---------- DATA IN THIS EXERCISE ----------
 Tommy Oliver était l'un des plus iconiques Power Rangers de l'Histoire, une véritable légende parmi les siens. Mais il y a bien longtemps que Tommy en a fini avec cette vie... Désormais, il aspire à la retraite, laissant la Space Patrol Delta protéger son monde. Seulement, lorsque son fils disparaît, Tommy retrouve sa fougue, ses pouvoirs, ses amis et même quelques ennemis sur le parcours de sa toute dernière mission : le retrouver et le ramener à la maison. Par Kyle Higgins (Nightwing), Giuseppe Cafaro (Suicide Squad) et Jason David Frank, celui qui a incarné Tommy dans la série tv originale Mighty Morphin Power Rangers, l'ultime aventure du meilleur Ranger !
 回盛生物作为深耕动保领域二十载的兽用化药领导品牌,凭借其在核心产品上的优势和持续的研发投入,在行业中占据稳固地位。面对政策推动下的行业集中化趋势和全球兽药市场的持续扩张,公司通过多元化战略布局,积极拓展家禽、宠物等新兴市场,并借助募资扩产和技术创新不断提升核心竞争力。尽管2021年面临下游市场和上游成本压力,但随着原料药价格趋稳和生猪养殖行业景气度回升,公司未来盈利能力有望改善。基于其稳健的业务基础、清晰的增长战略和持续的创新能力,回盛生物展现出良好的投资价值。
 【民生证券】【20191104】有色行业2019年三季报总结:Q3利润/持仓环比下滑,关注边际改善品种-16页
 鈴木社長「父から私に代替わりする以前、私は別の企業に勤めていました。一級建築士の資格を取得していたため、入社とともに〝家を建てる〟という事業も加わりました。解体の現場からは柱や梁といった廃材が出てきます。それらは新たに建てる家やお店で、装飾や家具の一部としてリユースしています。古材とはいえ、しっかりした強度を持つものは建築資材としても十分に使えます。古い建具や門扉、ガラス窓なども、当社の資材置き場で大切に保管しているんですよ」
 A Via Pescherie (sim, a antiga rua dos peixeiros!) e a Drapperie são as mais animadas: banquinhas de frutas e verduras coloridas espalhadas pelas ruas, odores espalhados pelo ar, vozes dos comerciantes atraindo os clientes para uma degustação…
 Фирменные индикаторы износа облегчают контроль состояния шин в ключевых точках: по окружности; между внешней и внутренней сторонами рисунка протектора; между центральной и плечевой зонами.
----------
**HOW TO COMPLETE THIS TASK**
Print each entry above exactly as given.

**RESPONSE BELOW**
 Tommy Oliver était l'un des plus iconiques Power Rangers de l'Histoire, une véritable légende parmi les siens. Mais il y a bien longtemps que Tommy en a fini avec cette vie... Désormais, il aspire à la retraite, laissant la Space Patrol Delta protéger son monde. Seulement, lorsque son fils disparaît, Tommy retrouve sa fougue, ses pouvoirs, ses amis et même quelques ennemis sur le parcours de sa toute dernière mission : le retrouver et le ramener à la maison. Par Kyle Higgins (Nightwing), Giuseppe Cafaro (Suicide Squad) et Jason David Frank, celui qui a incarné Tommy dans la série tv originale Mighty Morphin Power Rangers, l'ultime aventure du meilleur Ranger !
 回盛生物作为深耕动保领域二十载的兽用化药领导品牌,凭借其在核心产品上的优势和持续的研发投入,在行业中占据稳固地位。面对政策推动下的行业集中化趋势和全球兽药市场的持续扩张,公司通过多元化战略布局,积极拓展家禽、宠物等新兴市场,并借助募资扩产和技术创新不断提升核心竞争力。尽管2021年面临下游市场和上游成本压力,但随着原料药价格趋稳和生猪养殖行业景气度回升,公司未来盈利能力有望改善。基于其稳健的业务基础、清晰的增长战略和持续的创新能力,回盛生物展现出良好的投资价值。
 【民生证券】【20191104】有色行业2019年三季报总结:Q3利润/持仓环比下滑,关注边际改善品种-16页
 鈴木社長「父から私に代替わりする以前、私は別の企業に勤めていました。一級建築士の資格を取得していたため、入社とともに〝家を建てる〟という事業も加わりました。解体の現場からは柱や梁といった廃材が出てきます。それらは新たに建てる家やお店で、装飾や家具の一部としてリユースしています。古材とはいえ、しっかりした強度を持つものは建築資材としても十分に使えます。古い建具や門扉、ガラス窓なども、当社の資材置き場で大切に保管しているんですよ」
 A Via Pescherie (sim, a antiga rua dos peixeiros!) e a Drapperie são as mais animadas: banquinhas de frutas e verduras coloridas espalhadas pelas ruas, odores espalhados pelo ar, vozes dos comerciantes atraindo os clientes para uma degustação…
 Фирменные индикаторы износа облегчают контроль состояния шин в ключевых точках: по окружности; между внешней и внутренней сторонами рисунка протектора; между центральной и плечевой зонами.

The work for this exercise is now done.